Neyman, J. (1977), “Frequentist Probability and Frequentist Statistics,” *Synthese*, 36, 97-131.

[i]He was born in an area that was part of Russia.

One thing about Neyman (1977): While fascinating and unusual (if only because it’s in a philo journal and is relatively contemporary), it makes Neyman appear more behavioristic than he really is. In his attempt to forcefully deny that one needs “repeated sampling from the same population,” he emphasizes that the error probabilities hold even lumping together lots of different studies. From this, J. Berger gets his “frequentist principle”. Then again, another example in Neyman (1977), as I recall, illuminates/endorses empirical Bayes.

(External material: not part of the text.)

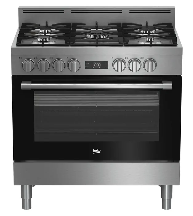 An appliance that can handle all your cooking needs. The Beko BFC916GMX1 is a freestanding cooker with a width of 90 cm. It features Halogen Illumination, High Efficiency Gas Burner, a gas cooktop with five burners and a large 130 L gross capacity electric oven with multiple cooking functions, including fan-assisted and grill options. It also has a digital display and a programmable timer.

In my experience Physicists are the worst when bringing up the howler mentioned in the post about the “long run”. One asked me why it’s ok to say “the probability of rolling all six’s 100,000 times in a row is 1/6^100000” but not ok to say “the probability a neutrino has mass is x%”

In the “long run” it’s not possible to repeat these dice rolling trials enough to verify that each 100,000 tuple outcome occurs with probability 1/6^100000 since the solar system will end before you can finish. The fast majority of outcomes will have relative frequency 0 when the sun explodes.

But you can at least imagine repeating the dice experiment enough times. That’s why it’s ok. It’s important that you can at least imagine the repeated trials otherwise your just left with whatevers in Baysian’s heads that allows them to assign probabilities.

He just claimed that if the String Theorists are right it might be possible to check the relative frequency of universes in the multi-verse, which have massless neutrinos. I don’t know anything about physics so I don’t know what to make of that.